Otro tema que atormentó a los delegados fue cómo se pueden proteger a los estados más pequeños de los estados más grandes. Los estados más pequeños y menos ricos (Rhode Island, por ejemplo) estaban preocupados por ser anulados y dominados políticamente por estados como Virginia, Massachusetts y Nueva York. En un momento del Convenio, estas divisiones crearon un punto muerto en los procedimientos.

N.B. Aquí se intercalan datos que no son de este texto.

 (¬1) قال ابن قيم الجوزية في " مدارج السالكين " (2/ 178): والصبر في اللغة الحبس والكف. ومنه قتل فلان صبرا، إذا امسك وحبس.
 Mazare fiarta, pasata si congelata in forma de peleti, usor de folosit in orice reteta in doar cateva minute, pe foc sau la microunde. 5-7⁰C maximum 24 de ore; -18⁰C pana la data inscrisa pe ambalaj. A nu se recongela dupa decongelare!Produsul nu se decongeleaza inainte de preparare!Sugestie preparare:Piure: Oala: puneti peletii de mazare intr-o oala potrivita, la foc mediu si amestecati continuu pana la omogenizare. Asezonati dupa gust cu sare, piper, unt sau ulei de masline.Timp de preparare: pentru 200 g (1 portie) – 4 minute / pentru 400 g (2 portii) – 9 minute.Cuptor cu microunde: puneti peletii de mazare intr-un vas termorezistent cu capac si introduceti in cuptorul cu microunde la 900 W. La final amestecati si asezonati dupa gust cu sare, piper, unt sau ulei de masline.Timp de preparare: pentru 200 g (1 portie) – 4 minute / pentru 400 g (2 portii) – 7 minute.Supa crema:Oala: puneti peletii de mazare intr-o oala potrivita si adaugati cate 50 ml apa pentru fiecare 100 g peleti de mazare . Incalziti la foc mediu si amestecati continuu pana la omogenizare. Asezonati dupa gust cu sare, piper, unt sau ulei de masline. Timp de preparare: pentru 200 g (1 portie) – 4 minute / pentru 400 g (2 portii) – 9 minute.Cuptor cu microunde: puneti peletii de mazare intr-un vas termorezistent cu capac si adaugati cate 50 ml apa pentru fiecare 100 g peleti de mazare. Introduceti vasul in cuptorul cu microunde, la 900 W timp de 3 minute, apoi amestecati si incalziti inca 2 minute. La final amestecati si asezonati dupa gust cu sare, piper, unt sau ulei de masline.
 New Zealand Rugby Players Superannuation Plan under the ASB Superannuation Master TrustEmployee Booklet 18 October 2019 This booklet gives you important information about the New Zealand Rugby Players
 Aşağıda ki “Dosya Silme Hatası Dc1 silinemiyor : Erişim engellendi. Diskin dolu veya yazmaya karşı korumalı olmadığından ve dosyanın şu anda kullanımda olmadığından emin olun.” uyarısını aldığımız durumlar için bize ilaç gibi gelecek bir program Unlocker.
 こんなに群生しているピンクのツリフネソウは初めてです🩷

La respuesta llegó en forma de una propuesta llamada "Gran Compromiso", que surgió de los delegados de Connecticut y se basó en un Congreso que sería bicameral (es decir, tendría dos cámaras):

La cámara baja del Congreso (la Cámara de Representantes) se elegiría sobre la base de la población, es decir, los escaños se basarían en el número de personas de cada estado.

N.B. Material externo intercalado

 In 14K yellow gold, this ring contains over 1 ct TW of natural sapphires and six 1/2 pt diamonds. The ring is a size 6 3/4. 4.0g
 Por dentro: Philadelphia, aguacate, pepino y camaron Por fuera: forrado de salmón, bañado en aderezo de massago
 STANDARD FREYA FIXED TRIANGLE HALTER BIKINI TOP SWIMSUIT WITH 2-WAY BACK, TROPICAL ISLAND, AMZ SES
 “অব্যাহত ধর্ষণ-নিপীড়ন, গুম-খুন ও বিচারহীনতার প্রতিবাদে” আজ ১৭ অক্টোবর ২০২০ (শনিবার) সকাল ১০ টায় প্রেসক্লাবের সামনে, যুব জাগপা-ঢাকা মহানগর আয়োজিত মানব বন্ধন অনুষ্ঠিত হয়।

La cámara alta del Congreso (el Senado) contendría dos representantes de cada estado, independientemente de su tamaño, riqueza o población.

Cada cámara tiene un papel igual en la aprobación de la legislación; Los proyectos de ley deben ser aprobados por ambas cámaras para ser promulgados.

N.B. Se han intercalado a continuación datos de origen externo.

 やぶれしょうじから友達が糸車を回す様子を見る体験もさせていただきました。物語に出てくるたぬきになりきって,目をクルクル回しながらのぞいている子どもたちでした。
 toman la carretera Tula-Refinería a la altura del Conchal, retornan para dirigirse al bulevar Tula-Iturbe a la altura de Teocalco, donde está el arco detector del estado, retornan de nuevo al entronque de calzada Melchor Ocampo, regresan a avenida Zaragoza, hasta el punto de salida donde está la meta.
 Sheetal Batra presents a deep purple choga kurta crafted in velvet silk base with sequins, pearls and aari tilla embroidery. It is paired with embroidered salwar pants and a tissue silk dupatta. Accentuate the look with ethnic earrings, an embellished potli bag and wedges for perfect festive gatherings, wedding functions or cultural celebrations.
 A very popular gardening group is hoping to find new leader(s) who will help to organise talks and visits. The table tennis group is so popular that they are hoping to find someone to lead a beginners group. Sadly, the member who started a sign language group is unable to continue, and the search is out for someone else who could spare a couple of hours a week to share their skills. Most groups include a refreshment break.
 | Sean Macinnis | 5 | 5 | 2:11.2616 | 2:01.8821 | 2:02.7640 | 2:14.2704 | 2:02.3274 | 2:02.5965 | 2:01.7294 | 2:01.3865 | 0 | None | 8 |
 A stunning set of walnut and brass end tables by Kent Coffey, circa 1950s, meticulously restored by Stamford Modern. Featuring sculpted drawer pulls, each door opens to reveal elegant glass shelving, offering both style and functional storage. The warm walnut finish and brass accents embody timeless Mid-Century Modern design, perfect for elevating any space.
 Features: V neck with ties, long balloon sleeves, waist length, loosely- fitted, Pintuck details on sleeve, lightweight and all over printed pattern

Cada casa tiene ciertas autoridades o tareas que la otra no posee, p. la Cámara de Representantes sólo puede plantear proyectos de ley sobre ingresos, mientras que el Senado es el único que debe confirmar todos los nombramientos públicos importantes, como jueces de la Corte Suprema, miembros del gabinete y embajadores.

Este sistema debería resultar familiar para los estudiantes de Políticas y Estudios Jurídicos porque el sistema australiano se basa en él. En el sistema federal australiano, el Senado actúa como una “cámara de los estados”, un control de la Cámara de Representantes elegida por el pueblo que, en teoría, protege los intereses de los estados. Esta propuesta de compromiso rompió el estancamiento de julio en la Convención y permitió que continuara el desarrollo constitucional. Al debatir el proceso mediante el cual se elegiría la Cámara de Representantes, se aprobó un compromiso menos atractivo: para dar cabida a los estados del sur que dependían de la esclavitud, se acordó que las tres quintas partes de la población esclava de un estado deberían contarse para determinar el número número de escaños que ese estado debería tener en la Cámara (¡aunque a los esclavos no se les permitía votar, su número sería "contado" a los efectos de las elecciones!) Los esclavos también se contaban como propiedad a los efectos de calcular los impuestos y comerciar con Los esclavos estuvieron protegidos constitucionalmente hasta 1808. Así que, a pesar de todas sus ventajas e iniciativas inteligentes, la Constitución también institucionalizó la esclavitud en la nueva nación (un factor que contribuiría a la división futura y eventualmente, en 1861, a la Guerra Civil).